Can't say I seen hide nor hair of Brian since. But legend has it that he put his tournament winnings toward a tour of the South Sea Islands later that year, probably to do some fact-checking on the seemingly improbable yarns that his maritime father had spun for him back in his Innsmouth days. Fact is, I had nigh on forgotten about old 'ID' until you come here, young feller, and started pumping me with this here liquor, tellin' me you were after a what-cha-ma-call-it bio-graphy of Innsmouth's most famous (and indeed only) sports hero, if you can call back-alley games of Perquackey and Chuck-a-luck a sport, that is.

Another serving of hooch, if you please, young feller. Mene, mene -- Ahem! I say Mene, mene, tekel, upharsin!

Say you're fixin' to put my words on something they call an Internet, eh? Sounds like the devil's work to me, boy, along with your wild talk of e-mails, iPods, and smartphones, and something you call a Roku de-vice, whatever that be. (And I used to think Chief Walakea talked nonsense. Even them South Sea Islanders couldn't have come up with all the dubious-sounding gewgaws as ye speak of!)

Humph. And people wonder why I'm forever muttering Mene, mene, tekel, upharsin! Well, news flash, young feller: just stop spooking this here 92-year-old toper with 21st-century devil-speak and maybe then he'll clam up. Until then, these lips were made for mutterin'!

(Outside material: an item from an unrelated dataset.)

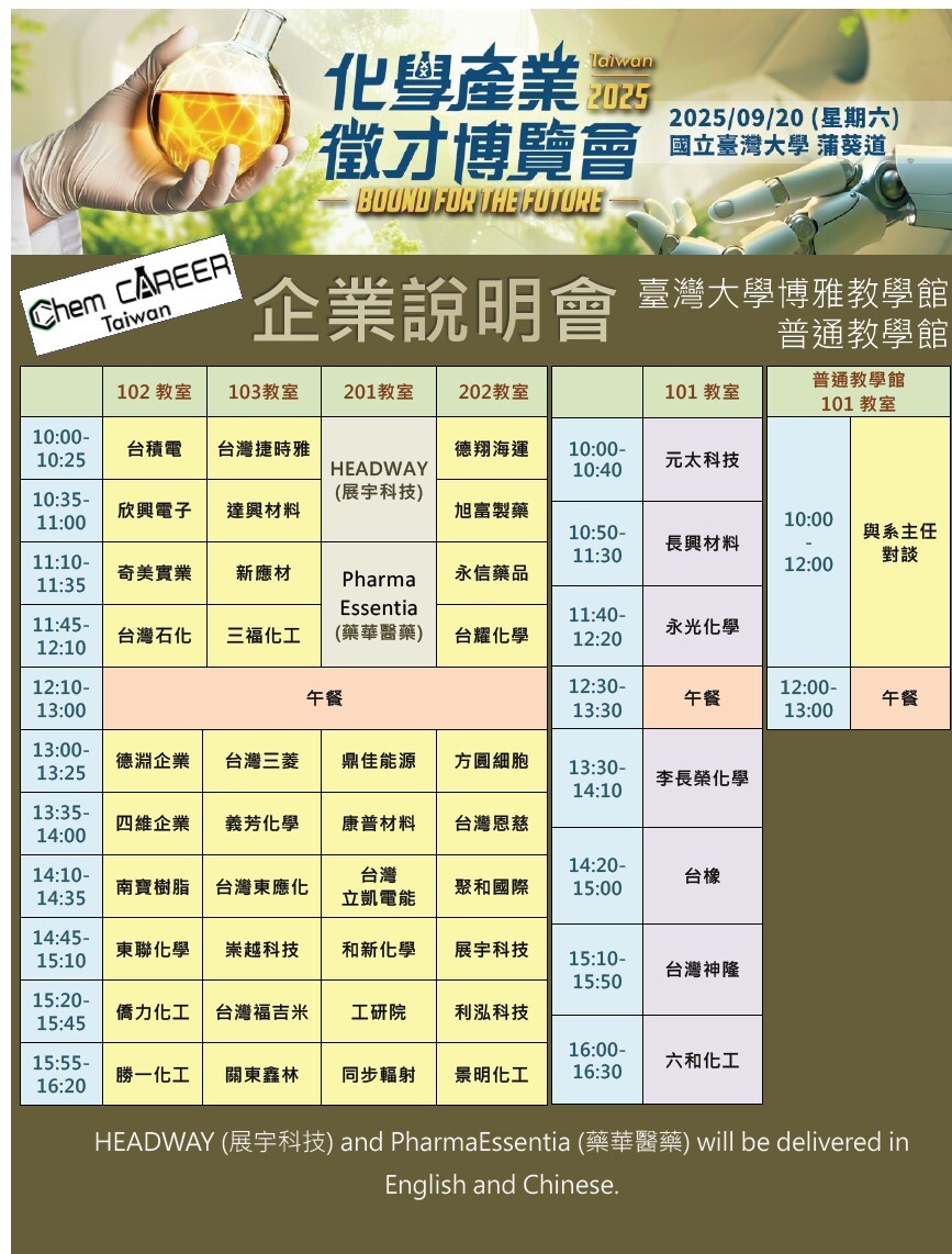 【徵才啟事】國立臺灣大學 化學產業徵才博覽會 2025/09/20(星期六)

People who liked this article are often seen mulling around Hammond's Drug Store in Newburyport around 10 A.M. of a weekday, waiting for Joe Sargent's rattle-trap of a bus to take them to the secluded port town of Innsmouth on some kind of routine business trip or other. Little do they realize that the town in question has been recently taken over by a legion of Frog-Fish things that are 'mixing bloods' with the locals while aggressively evangelizing a new so-called religion dubbed the Loyal Order of Dagon. Fortunately, the majority of these commercial wayfarers miraculously survive their brief sojourn in this shadow-haunted backwater, though a good 90% of them go on to tell wild stories in Ipswich later that night about strange noises issuing from behind the boarded-up windows of many an attic and basement ("as wasn't supposed to have nobody in 'em," as one local historian likes to put it, namely Zadok Allen, the town's liquourish nonagenarian, who dishes up color commentary on the town at the rate of 500 words per pint of "the good stuff," as he calls it).